I changed the script renaming to this (and it happens after "python setup.py install") now:

%install
chmod +x build/lib/pdfminer/*
%{__python} setup.py install --skip-build --root %{buildroot}

# Rename the python scripts to get rid of the *.py suffix
mv %{buildroot}/usr/bin/dumppdf.py %{buildroot}/usr/bin/dumppdf
mv %{buildroot}/usr/bin/pdf2txt.py %{buildroot}/usr/bin/pdf2txt
mv %{buildroot}/usr/bin/latin2ascii.py %{buildroot}/usr/bin/latin2ascii

Is this better?

Spec: http://mars.arosser.com/fedora/pdfminer/python-pdfminer.spec
SRPM: http://mars.arosser.com/fedora/pdfminer/python-pdfminer-20140328-1.fc20.src.rpm
Comment 12 Ben Rosser 2014-08-23 16:33:55 EDT
Er, updated again to use %{_bindir} in those lines instead of /usr/bin.

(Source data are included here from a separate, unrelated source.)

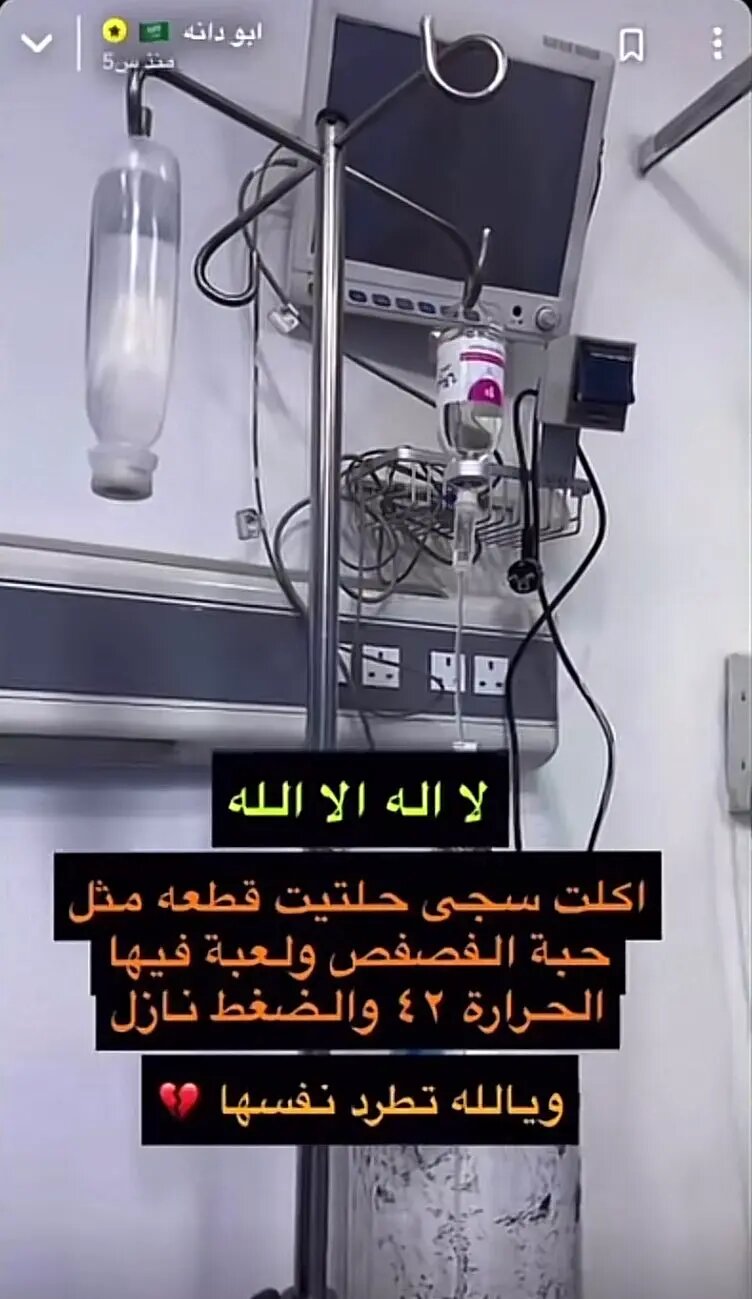 ونشر نجم السوشال ميديا مشعل القحطاني صور من داخل المستشفى حيث تخضع ابنته سجى للعلاج بعد تعرضها للتسمم، وعن تفاصيل هذه الحادثة قال إنه سارع لنقل ابنته للمستشفى بعد ارتفاع درجة حرارة جسدها بعد تناول نبتة الحلتيت
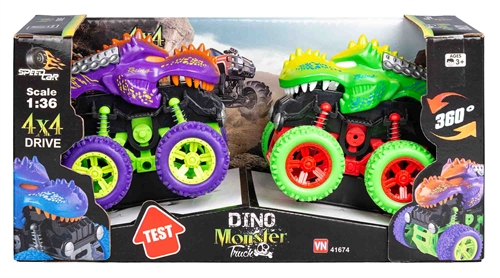 Forside » Legetøj » Forårsleg Sæt med 2 dino-monstertrucks - Grøn og lilla - Actionfyldt leg HOME-TEX Skarp pris: 99,95DKK Få på lager Trustpilot Antal Læg i kurv Se mere fra: HOME-TEX Artikelnummer: LEG-VN41674-B Har du spørgsmål til produktet? 2 robuste monstertrucks med sejt dino-design og friktionsdriftKører med et enkelt skub - ingen batterier nødvendigePerfekt til sjov og actionfyldt leg med biler og dinosaur-tema Actionfyldt leg med kraftige friktionsbiler Dette sæt indeholder 2 seje dino-monstertrucks i grøn og lilla med kraftig friktion, som gør dem ekstra sjove og nemme at bruge i aktiv leg. Bilerne kræver ingen batterier og kan køre afsted med et enkelt skub, hvilket gør legen hurtig og tilgængelig for børn. Kraftigt design og sejt dino-look Monstertrucksene er designet med et råt dinosaur-inspireret udtryk og store hjul, der giver et vildt og actionfyldt look. Det robuste design gør dem velegnede til både indendørs og udendørs leg, hvor der kan køres på forskellige underlag. Friktionsdrevet kørsel Den kraftige friktionsfunktion gør det nemt for barnet at få fart på bilerne uden brug af elektronik. Et skub er nok til at sende dem afsted, hvilket gør legen enkel, sjov og dynamisk. Perfekt til aktiv og fantasifuld leg Dino-monstertrucksene inviterer til masser af kreativ leg, hvor børn kan lave racerbaner, forhindringsbaner og vilde dino-eventyr. Sættet er ideelt til børn, der elsker fart, action og køretøjer. Tilbage til Forårsleg
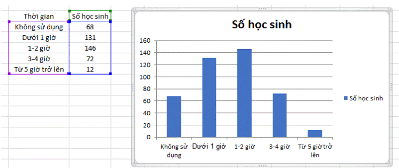 c) Tạo biểu đồ cột từ bảng dữ liệu ở câu b:
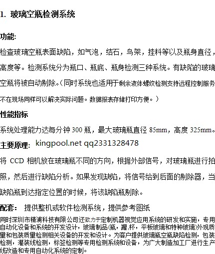 玻璃瓶缺陷檢測(cè)系統(tǒng) 深圳市精浦科技有限公司
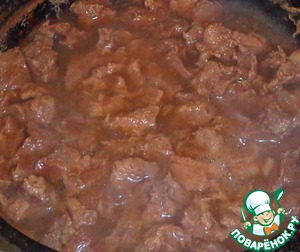 Утиную грудку порезать маленькими кусочками. Высыпать в сковороду и добавить воду. Добавить соль, перец и лавровый лист. Тушить под закрытой крышкой 15 минут.
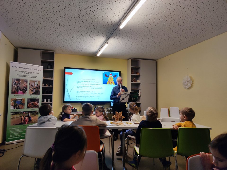 Ja, aber keine Vierbeiner – die Kinder der Fuchsgruppe unserer Kita fuhren gestern zur Kinder- und Jugendfarm und erlebten dort einen tollen abwechslungsreichen Tag. Vom Füttern der Tiere, über das Backen von Brötchen und Keksen, Basteln kleiner Weihnachtsgeschenke bis zum Singen von Weihnachtsliedern – begleitet von Flöte und Akkordeon – war alles dabei.
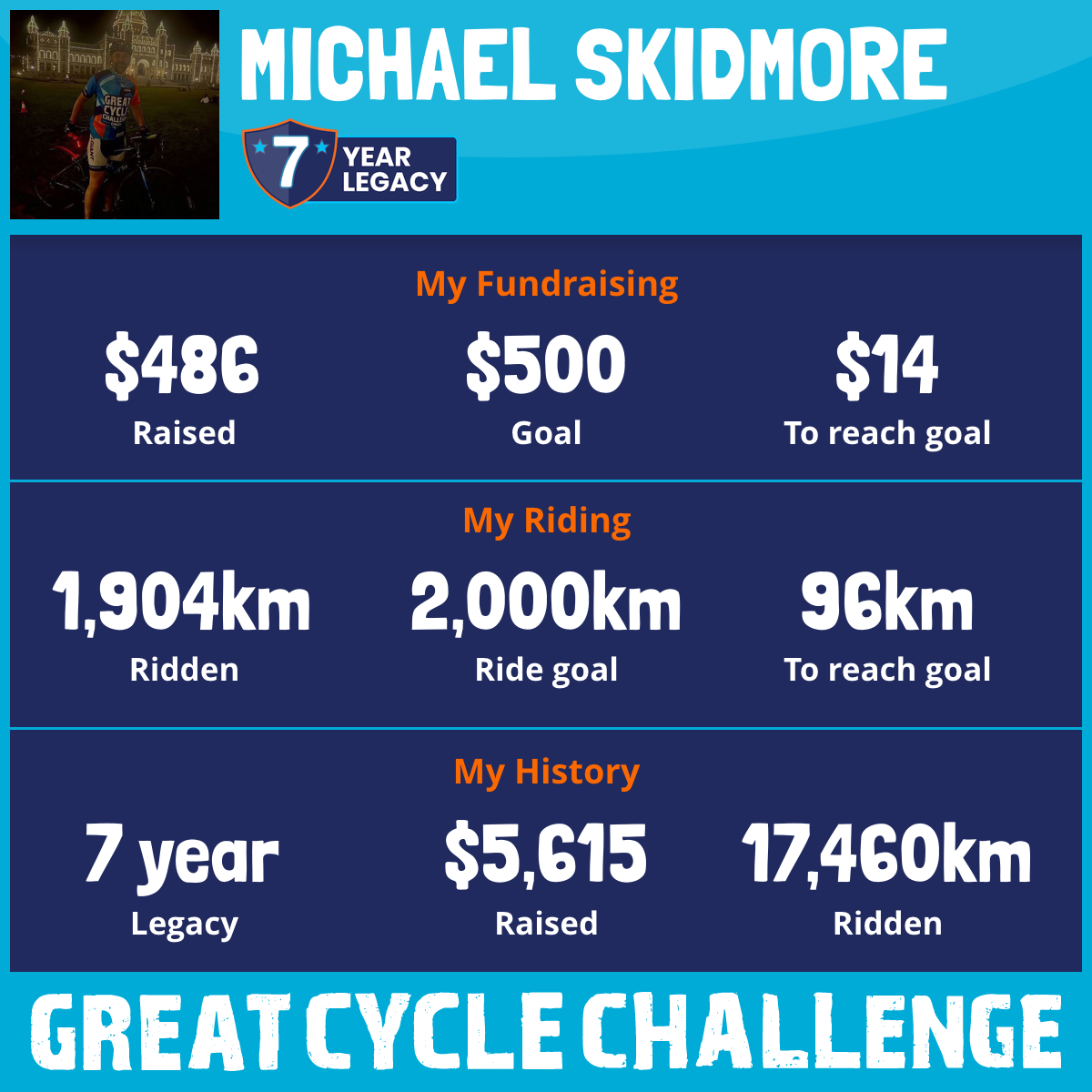 I am riding 2,000 km in memory of Norm Rudden. Please sponsor me and support my challenge to fight kids' cancer and save little lives.
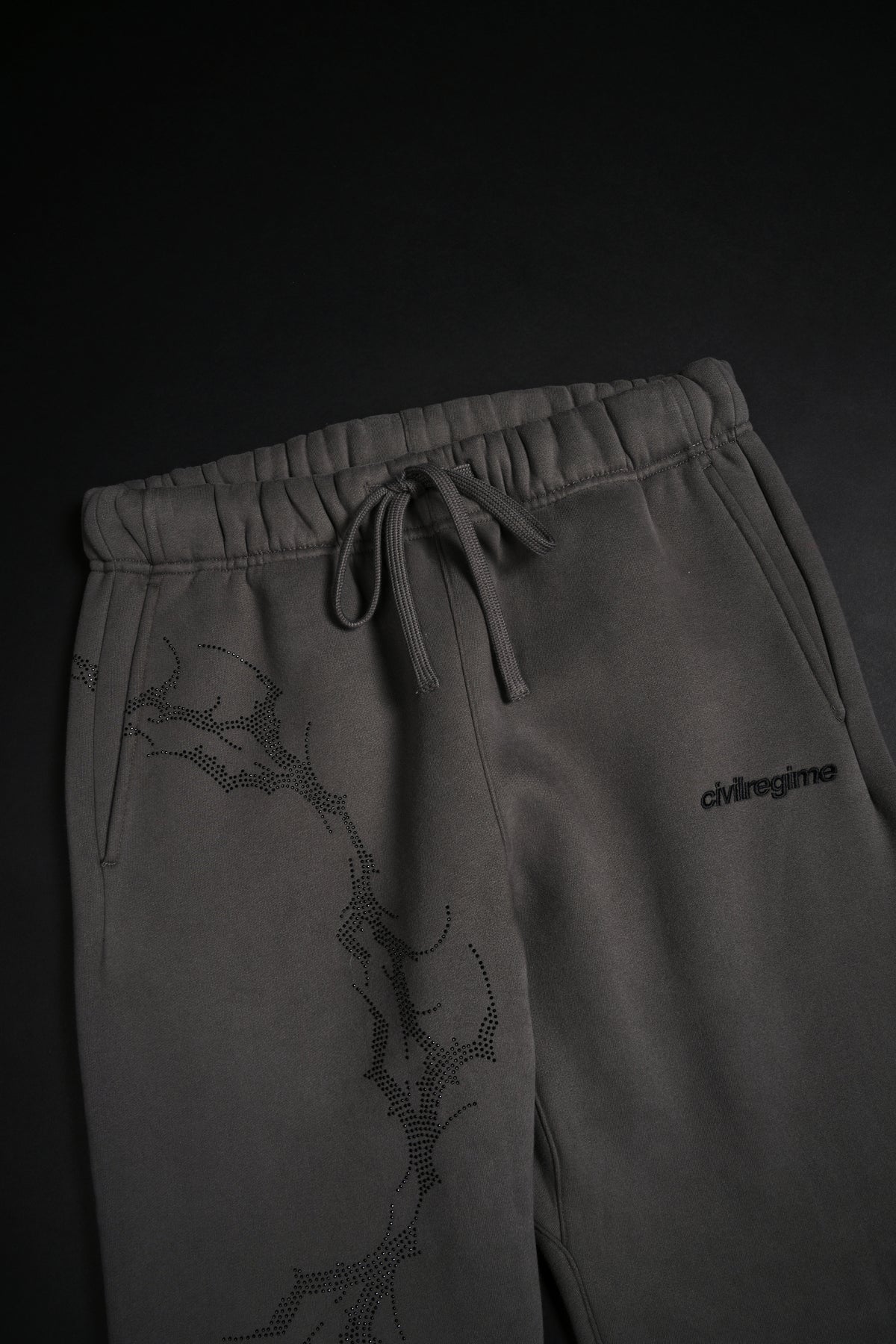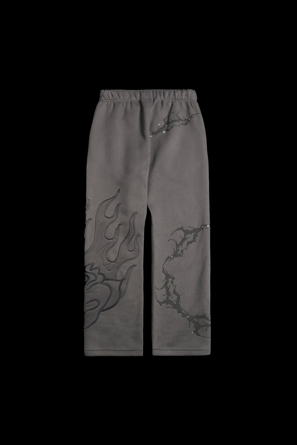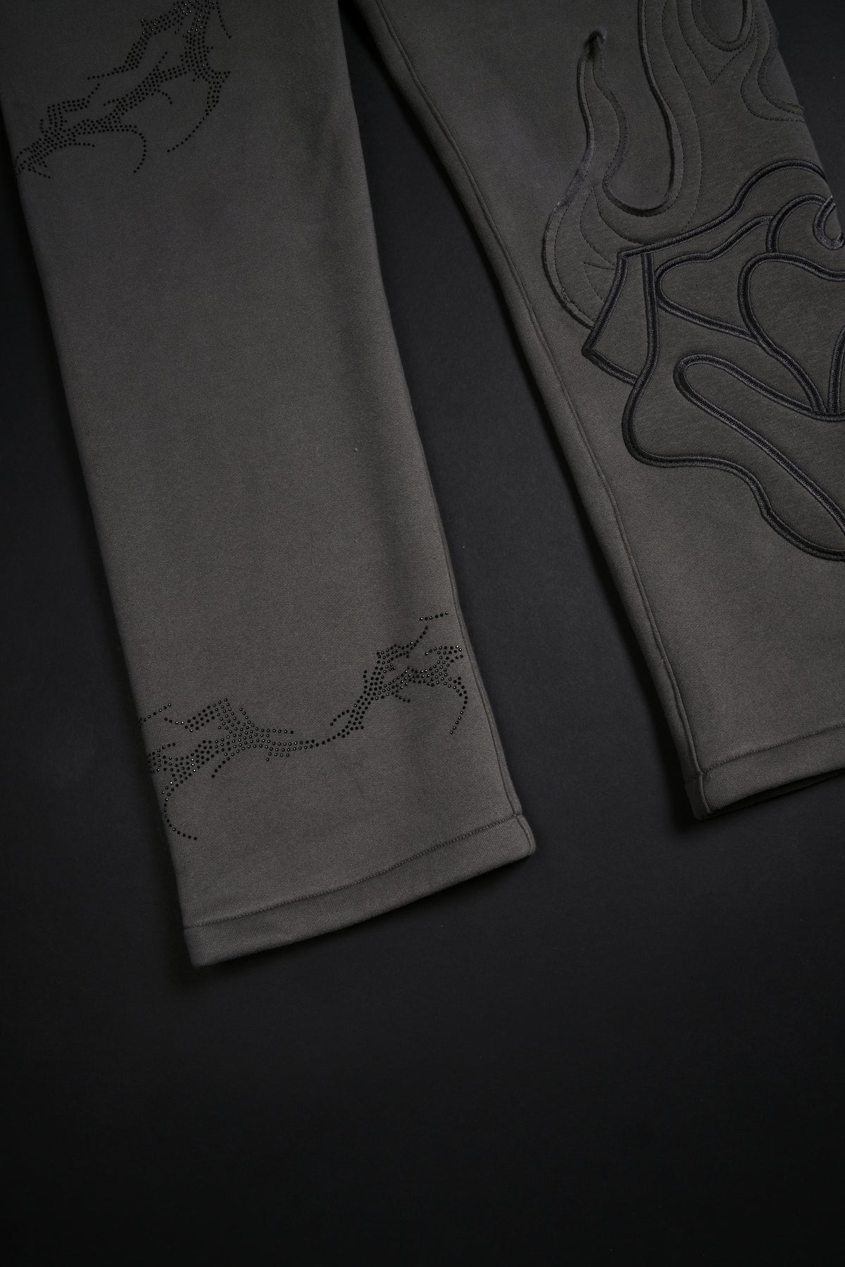 Bad Bih Rhinestone Wide Leg Fleece Pants in Vintage Ashes
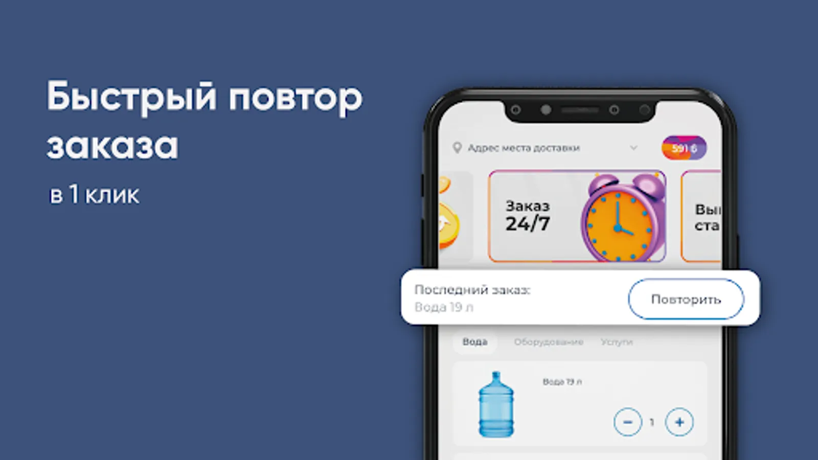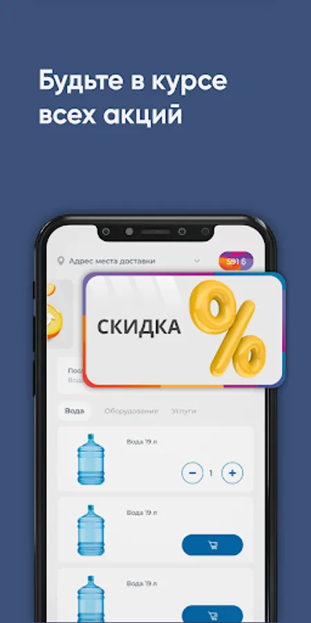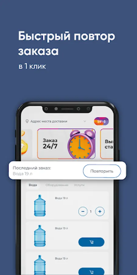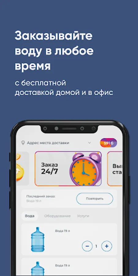 Ordering water in the ORGANIK AQUA app is quick and easy. All products are collected by category. Add the desired items to the cart and place an order at any time of the day.
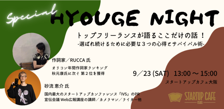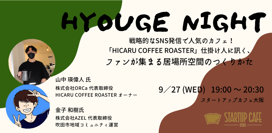 今回の「HYOUGE NIGHT(ひょうげないと)」ゲストは、起業と言えば、誰もが一度は憧れを持つ人気カフェ!そんな人気カフェのオーナーとしてご活躍されている山中瑛偉人さんと、企画の立ち上げから運営に関わり、自身も起業家の金子和樹さんをお迎えします。
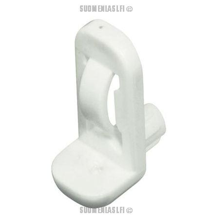 Hyllynkannake enintään 6 mm lasihyllylle varmistimella painettavaksi 5 mm porausreikään.
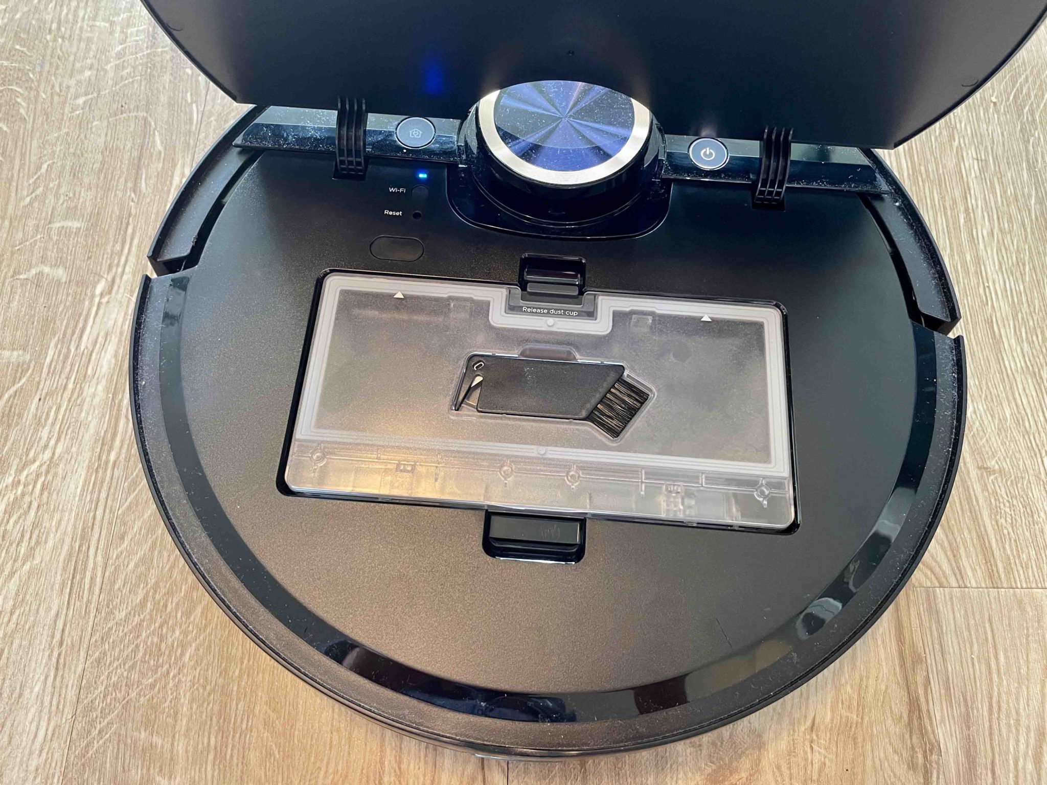 - Midea M7 Pro mit Reinigungswerkzeug am Staubbehälter
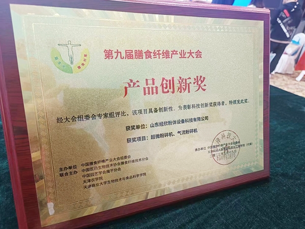 山东经欣粉体设备科技有限公司荣获“第九届膳食纤维产业大会科技创新奖”
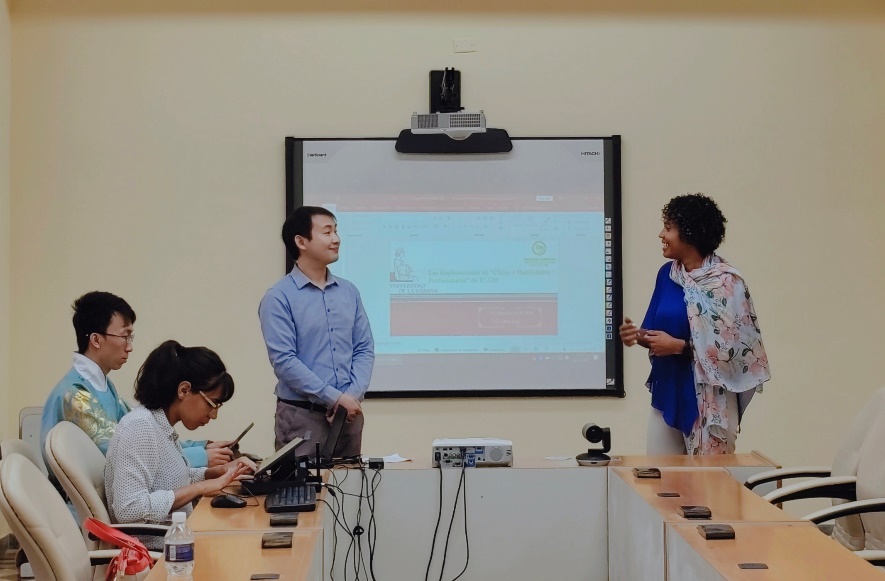 来自哈瓦那大学对外西语系教师Bárbara C. Bécquer Rebaza和Malena Rodríguez Rodríguez分享了语言教学中信息技术手段的运用及跨学科发展的研究成果。来自西班牙格林纳达大学的Isabel Sánchez López博士、德国富特旺根大学的Alejandro Pastor Lara博士,分享了欧洲国家面向中文母语者教授西语时,面临的问题和经验,这对拉丁美洲对外西语教学具有一定借鉴意义。
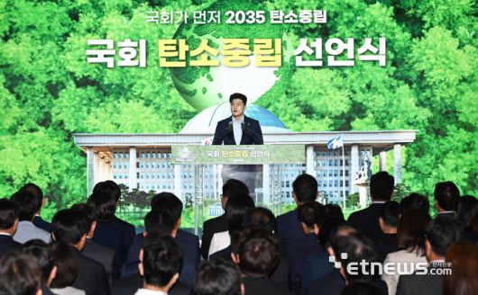 2035년까지 탄소중립 국회를 실현하기 위한 구체적인 실행계획을 공유하는 '국회 탄소중립 선언식'이 17일 서울 여의도 국회 중앙홀에서 열렸다. 김용태 국민의힘 비상대책위원장이 축사를 하고 있다. 이동근기자 foto@etnews.com [Copyright © 전자신문. 무단전재-재배포금지]
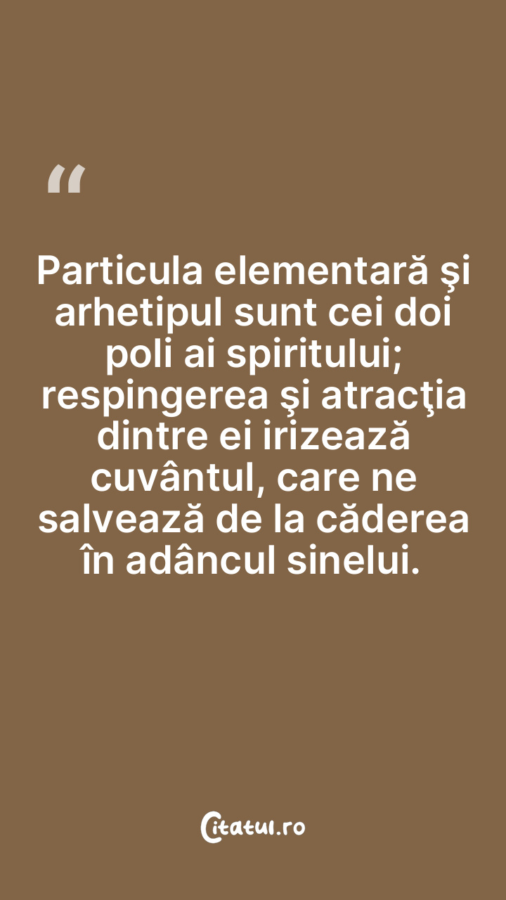 Particula elementară şi arhetipul sunt cei doi poli ai spiritului; respingerea şi atracţia dintre ei irizează cuvântul, care ne salvează de la căderea în adâncul sinelui.
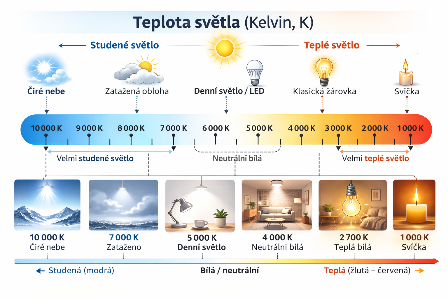Různé barvy světla vycházejí z teploty chromatičnosti měřené v kelvinech a přímo ovlivňují, jaké osvětlení se hodí do konkrétního interiéru. Moderní LED osvětlení, LED žárovky a LED pásky umožňují volit barevnou teplotu i intenzitu světla podle funkce zóny. Při návrhu vyhodnocujeme nejen barvu světla, ale i parametry světelných zdrojů. Díky přesně definované teplotě barvy a stabilnímu bílému světlu z LED diody dokážeme kompenzovat nedostatek přirozeného denního světla a sladit různá svítidla do harmonického celku.

Spec: http://mars.arosser.com/fedora/pdfminer/python-pdfminer.spec
SRPM: http://mars.arosser.com/fedora/pdfminer/python-pdfminer-20140328-2.fc20.src.rpm
Comment 13 Lubomir Rintel 2014-08-25 08:25:10 EDT
* Package named correctly
* Package version is correct
* Packaging the latest version
* Source file checksum matches
* SPEC file clean and legible
* License tag correct
* License fine for fedora
* Filelist sane
* Provides & requirements okay
* Builds fine in mock
* rpmlint happy

APPROVED
Comment 14 Ben Rosser 2014-08-25 22:38:15 EDT
New Package SCM Request
=======================
Package Name: python-pdfminer
Short Description: PDF data parsing library and tool
Upstream URL: http://www.unixuser.org/~euske/python/pdfminer/index.html
Owners: tc01
Branches: f19 f20 f21
InitialCC:
Comment 15 Jon Ciesla 2014-08-26 07:58:47 EDT
Git done (by process-git-requests).
Comment 16 Fedora Update System 2014-08-26 15:21:20 EDT
python-pdfminer-20140328-2.fc19 has been submitted as an update for Fedora 19.
https://admin.fedoraproject.org/updates/python-pdfminer-20140328-2.fc19
Comment 17 Fedora Update System 2014-08-26 16:08:55 EDT
python-pdfminer-20140328-2.fc20 has been submitted as an update for Fedora 20.
https://admin.fedoraproject.org/updates/python-pdfminer-20140328-2.fc20
Comment 18 Fedora Update System 2014-08-28 11:32:30 EDT
python-pdfminer-20140328-2.fc19 has been pushed to the Fedora 19 testing repository.
Comment 19 Fedora Update System 2014-09-09 18:06:49 EDT
python-pdfminer-20140328-2.fc20 has been pushed to the Fedora 20 stable repository.
Comment 20 Fedora Update System 2014-09-09 18:17:53 EDT
python-pdfminer-20140328-2.fc19 has been pushed to the Fedora 19 stable repository.